Ein Tag zum Glücklich sein

Wussten Sie, dass es einen internationalen Happy-Tag gibt? Und während sich die einen noch fragen, weshalb man so etwas überhaupt braucht, denken die anderen an rosa Einhörner, Katzenvideos und Chuck-Norris-Witze.

Wussten Sie...

..., dass Glücksgefühle ansteckend sind? Vielleicht habe Sie es schon mal erlebt: Jemand lacht, vielleicht ohne Grund, und Sie können nicht anders, als mitzulachen? Und dann stecken sich alle Beteiligten immer wieder gegenseitig mit Lachen an. Evolutionsbiologen mutmaßen, dass schon die Steinzeitmenschen miteinander gelacht haben und sich so mitteilten, dass es ihnen gut geht. Wenn man gemeinsam lacht, fühlen sich alle als Teil einer Gruppe und zusammengehörig. Deshalb reagiert unser Gehirn auch heute noch darauf und verursacht gleich das Bedürfnis mitzulachen, auch wenn wir den Grund für die Heiterkeit gar nicht kennen.

..., dass die Menschen in der Schweiz die glücklichsten der Welt sind?

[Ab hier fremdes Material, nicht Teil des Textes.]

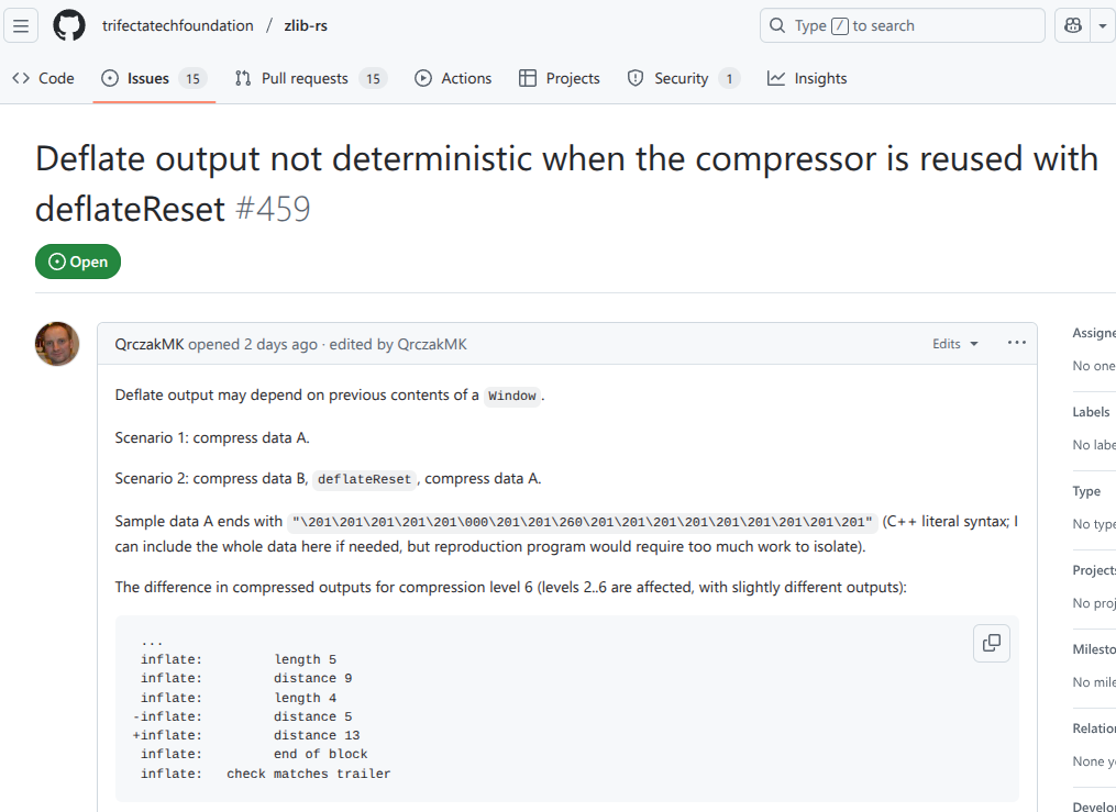 >>108199822>surely this barely functional version 0.1 code written in unsafe C will not have any security issues to worry about, as you can see there is zero reason to use a library like zlib which has been around for 30 years alreadywhat's the thought process here exactly? okay you can write software but shilling some guaranteed buggy shit written in an old language with no proven history makes no sense

So steht es in einem UN-Bericht von 2015, dem „World Happiness Report“. Laut Professoren der renommierten Columbia-Universität in den USA, die die Studie durchgeführt haben, leben die glücklichsten Menschen in der Alpenrepublik, gefolgt von den skandinavischen Ländern. Deutschland landete dagegen nur auf Platz 26, also sogar hinter Ländern wie Panama und dem Oman. Zwar wirkte sich das Einkommen auf das Glücksempfinden aus, ob jemand aber wirklich glücklich ist, hängt nicht allein von der wirtschaftlichen Situation ab. Entscheidend sind vor allem die soziale Einbindung – also Menschen, auf die man sich verlassen kann – und die Lebenserwartung. Als Konsequenz fordern die Forscher: „Wir müssen in die Kinder investieren, sodass aus ihnen unabhängige, produktive und glückliche Erwachsene werden, die sozial und wirtschaftlich ihren Beitrag zur Gesellschaft leisten.“

..., dass positive Gefühle wie Freude, Dankbarkeit und Zufriedenheit sich dauerhaft positiv auswirken? Sie machen uns produktiver, stärken unsere seelische Widerstandskraft und verbessern unsere Wahrnehmung. Es ist also in mehrfacher Hinsicht lohnenswert, wenn man mehr an die positiven Dinge im Leben denkt.

..., dass der 20. März der Welttag des Glücks ist? Seit dem Jahr 2013 ist dieser Tag dem Glücklichsein gewidmet. Damit der Welttag auch dementsprechend begangen wird, sind alle Mitgliedsstaaten der Vereinten Nationen, Verbände, Vereine, Privatpersonen und Nicht-Regierungs-Organisationen dazu aufgefordert, ihn in den Blickpunkt der Öffentlichkeit zu rücken. Das „Ministerium für Glück und Wohlbefinden“ ist allerdings kein wirkliches Bundesministerium, auch wenn dessen Internetpräsenz täuschend echt aussieht. Dabei handelt es sich um die Kampagne zweier Kommunikationsdesignstudenten aus Mannheim. Sie setzen sich dafür ein, dass in Deutschland das „Bruttonationalglück“ als Maßstab gelten soll. Dabei wird der Lebensstandard aufgrund von psychologischem Wohlbefinden, Verwendung von Zeit, Vitalität der Gesellschaft und Nachhaltigkeit errechnet.

..., dass die glücklichsten Deutschen in Schleswig-Holstein leben? Das geht aus dem Glücksatlas 2015 hervor, den die Deutsche Post regelmäßig in Auftrag gibt. Darüber hinaus gleicht sich die Lebenszufriedenheit der Menschen in Ost und West immer mehr an. In den Bericht fließen Daten einer repräsentativen Wiederholungsbefragung von über 12000 Privathaushalten ein. Keine Angaben wurden darüber gemacht, was die Menschen glücklich oder unglücklich macht. Vielleicht sind die Schleswig-Holsteiner ja so glücklich, weil sie an gleich zwei Meeren leben, der Ost- und der Nordsee. Allerdings wurden die Menschen in einer gesonderten Befragung vom Meinungsforschungsinstitut Dimap zur Arbeitszufriedenheit befragt. Ergebnis: Zwischen Arbeits- und Lebenszufriedenheit besteht ein enger Zusammenhang.